Prefix Cache Aware Benchmarking¶
This guide shows how to deploy a prefix-cache-aware benchmarking config using inference-perf.
Prerequisites¶
Before you begin, ensure you have the following:
- Helm 3+: Installation Guide
- Kubernetes Cluster: Access to a Kubernetes cluster
- Hugging Face Token Secret: A Hugging Face token to pull models.
- Gateway Deployed: Your inference server/gateway must be deployed and accessible within the cluster.
Follow benchmarking guide for more information on how to set up gateway and how to validate benchmark results.
Shared Prefix Dataset Configuration¶
The chart uses the shared_prefix dataset type, which is designed to test caching efficiency. These parameters are located under config.data.shared_prefix:
num_groups: The number of shared prefix groups.num_prompts_per_group: The number of prompts within each shared prefix group.system_prompt_len: The length of the system prompt.question_len: The length of the question part of the prompt.output_len: The desired length of the model's output.
The default values for the dataset are defined in the chart, but you can override them using --set config.data.shared_prefix.<parameter> flags.
Example:
helm install my-release ../inference-perf -f high-cache-values.yaml --set config.data.shared_prefix.num_groups=512
Deployment¶
This chart supports two main configurations, defined in high-cache-values.yaml and low-cache-values.yaml.
1. Check out the repo.¶
git clone https://github.com/kubernetes-sigs/gateway-api-inference-extension
cd gateway-api-inference-extension/benchmarking/prefix-cache-aware
2. Get the target IP.¶
The examples below shows how to get the IP of a gateway or a k8s service.
# Get gateway IP
GW_IP=$(kubectl get gateway/inference-gateway -o jsonpath='{.status.addresses[0].value}')
# Get LoadBalancer k8s service IP
SVC_IP=$(kubectl get service/vllm-llama3-8b-instruct -o jsonpath='{.status.loadBalancer.ingress[0].ip}')
echo $GW_IP
echo $SVC_IP
3. Deploying the High-Cache Configuration¶
This configuration is optimized for scenarios where a high cache hit rate is expected. It uses the high-cache-values.yaml file.
export IP='<YOUR_IP>'
export PORT='<YOUR_PORT>'
export HF_TOKEN='<YOUR_HUGGINGFACE_TOKEN>'
helm install high-cache ../inference-perf -f high-cache-values.yaml \
--set hfToken=${HF_TOKEN} \
--set "config.server.base_url=http://${IP}:${PORT}"
Parameters to customize:
high-cache: A unique name for this deployment.hfTokenSecret.name: The name of your Kubernetes Secret containing the Hugging Face token (default:hf-token).hfTokenSecret.key: The key in your Kubernetes Secret pointing to the Hugging Face token (default:token).config.server.base_url: The base URL (IP and port) of your inference server for the high-cache scenario.

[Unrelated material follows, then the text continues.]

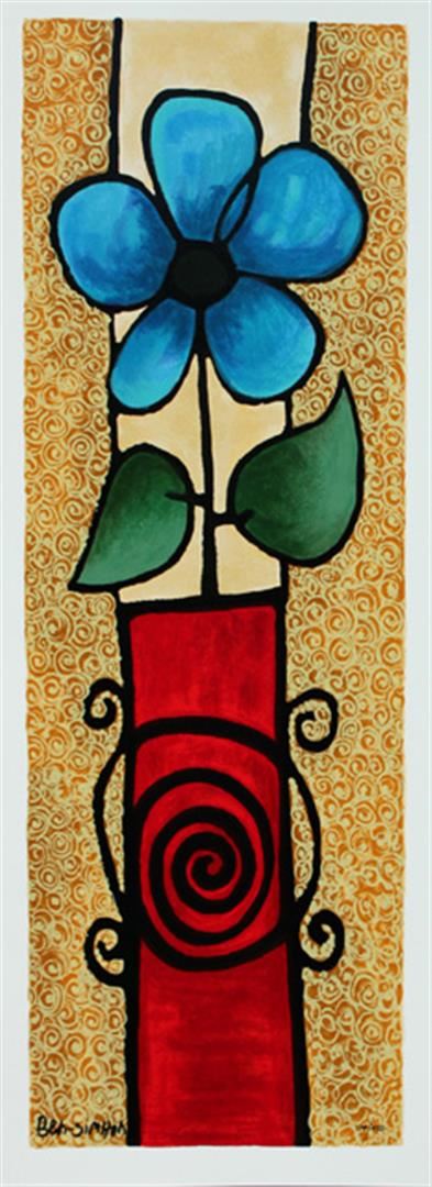 Avi Ben-Simhon Bud Vase. Artist: Avi Ben-Simhon - Title: Bud Vase - Medium: Serigraph on Paper - Signature: Hand-signed by the Artist - Edition: PP 50 - Image Size: Approximately 26 ½ inches x 8 ½ inches - Paper Size: Approximately 28 ½ inches x 10 ½ inches - Unframed - Details: This work comes with a Certificate of Authenticity - Biography: Avi Ben-Simhon has been deeply inspired by Fauvist and Cubist painters, while creating his signature, unmistakable style. The element of design is strongly developed in his work, in composition and pallet, while the dramatic shapes and vibrant colors powerfully express his joie de vivre. His spiral-like motifs echo his Moroccan roots, each pattern forming an exceptional design in bright and effervescent colors.

4. Deploying the Low-Cache Configuration¶
This configuration is designed for scenarios with a lower cache hit rate. It uses the low-cache-values.yaml file.
cd gateway-api-inference-extension/benchmarking/prefix-cache-aware
export IP='<YOUR_IP>'
export PORT='<YOUR_PORT>'
export HF_TOKEN='<YOUR_HUGGINGFACE_TOKEN>'
helm install low-cache ../inference-perf -f low-cache-values.yaml \
--set hfToken=${HF_TOKEN} \
--set "config.server.base_url=http://${IP}:${PORT}"
Parameters to customize:
low-cache: A unique name for this deployment.hfTokenSecret.name: The name of your Kubernetes Secret containing the Hugging Face token (default:hf-token).hfTokenSecret.key: The key in your Kubernetes Secret pointing to the Hugging Face token (default:token).config.server.base_url: The base URL (IP and port) of your inference server for the high-cache scenario.
Clean Up¶
To uninstall the deployed charts:
helm uninstall my-high-cache-release
helm uninstall my-low-cache-release
Post Benchmark Analysis¶
Follow the benchmarking guide instructions to compare benchmark results.